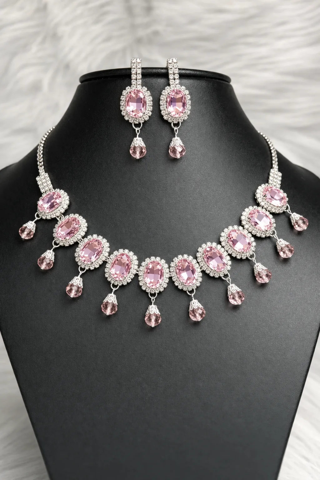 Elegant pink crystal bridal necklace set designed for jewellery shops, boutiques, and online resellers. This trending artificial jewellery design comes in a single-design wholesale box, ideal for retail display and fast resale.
...
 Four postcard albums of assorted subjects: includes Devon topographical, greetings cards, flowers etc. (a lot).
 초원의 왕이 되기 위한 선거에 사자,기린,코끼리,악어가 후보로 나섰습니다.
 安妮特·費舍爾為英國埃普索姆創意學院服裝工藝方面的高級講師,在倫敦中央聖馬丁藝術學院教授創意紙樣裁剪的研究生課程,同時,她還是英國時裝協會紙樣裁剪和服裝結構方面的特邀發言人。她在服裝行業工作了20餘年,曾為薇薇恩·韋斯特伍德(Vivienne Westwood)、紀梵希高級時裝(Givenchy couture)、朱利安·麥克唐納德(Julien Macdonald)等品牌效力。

» **EXERCISE OBJECTIVE**: From the records above, copy out the line with "Four postcard albums", the line with "초원의 왕이 되기 위한 선거에 사자,기린,코끼리,악어가 후보로 나섰습니다.", and every line between them, word for word.

» **REPLY TO THE EXERCISE**:
 Four postcard albums of assorted subjects: includes Devon topographical, greetings cards, flowers etc. (a lot).
 초원의 왕이 되기 위한 선거에 사자,기린,코끼리,악어가 후보로 나섰습니다.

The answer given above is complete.